Prompt:
Return every line below as is, leaving out the pictures.

Data provided:
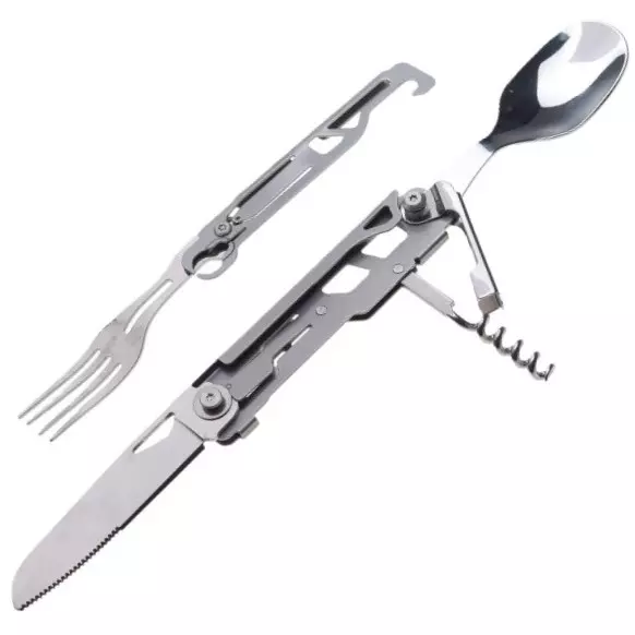 - wyposażony w: nóż ząbkowany(72mm), łyżka, widelec, otwieracz do wina, butelek, puszek
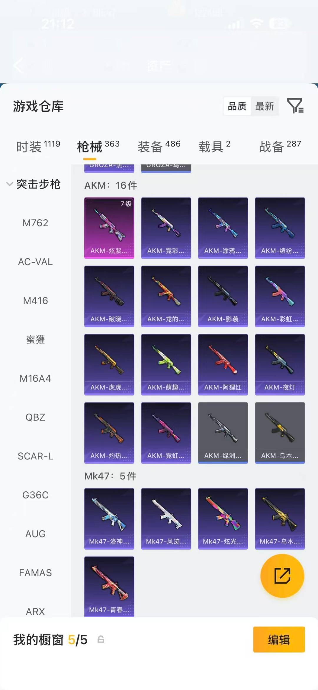 [17416509]实名: 可修改 时装数: 1065 载具数: 2 枪械数:
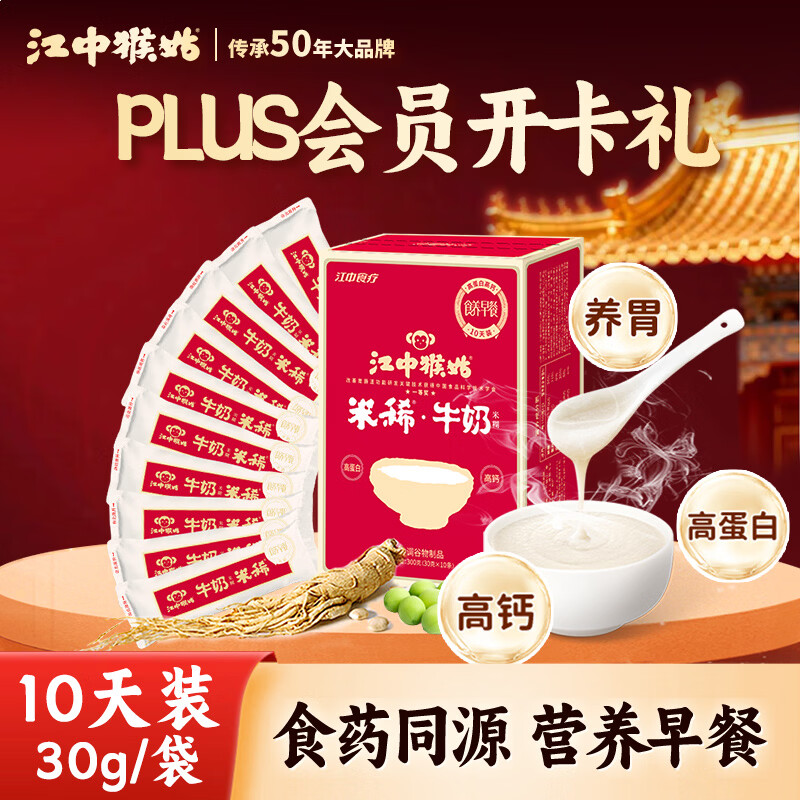 自营江中猴姑米稀牛奶米糊10天装高蛋白高钙营养早餐代餐麦片学生职场300g
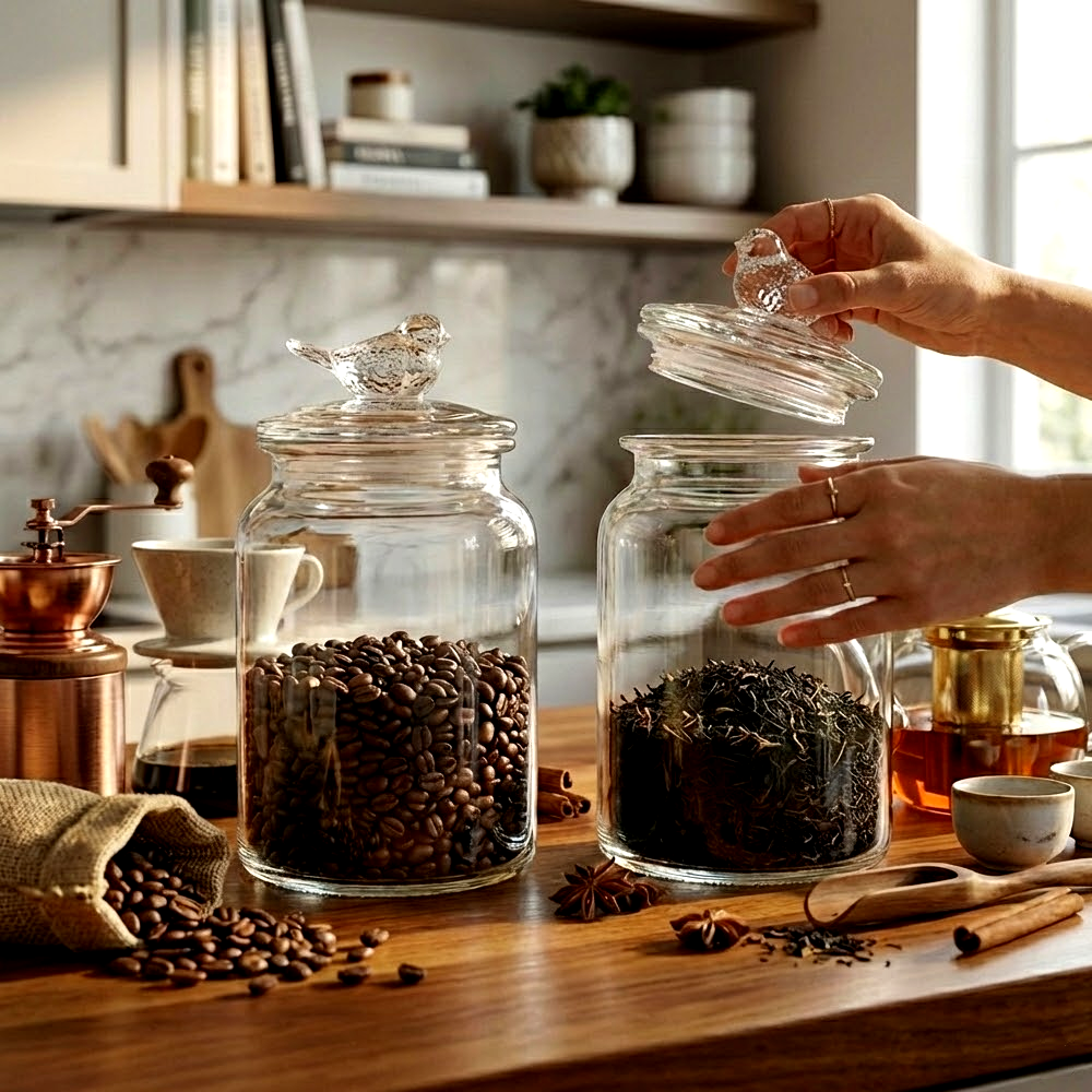أضف لمسة من الأناقة والدفء إلى مطبخك مع طقم علب التخزين الزجاجية بغطاء على شكل طائر، حيث يجمع بين الوظيفة العملية والتصميم الجمالي الراقي.

Written reply:
 - wyposażony w: nóż ząbkowany(72mm), łyżka, widelec, otwieracz do wina, butelek, puszek
 [17416509]实名: 可修改 时装数: 1065 载具数: 2 枪械数:
 自营江中猴姑米稀牛奶米糊10天装高蛋白高钙营养早餐代餐麦片学生职场300g
أضف لمسة من الأناقة والدفء إلى مطبخك مع طقم علب التخزين الزجاجية بغطاء على شكل طائر، حيث يجمع بين الوظيفة العملية والتصميم الجمالي الراقي.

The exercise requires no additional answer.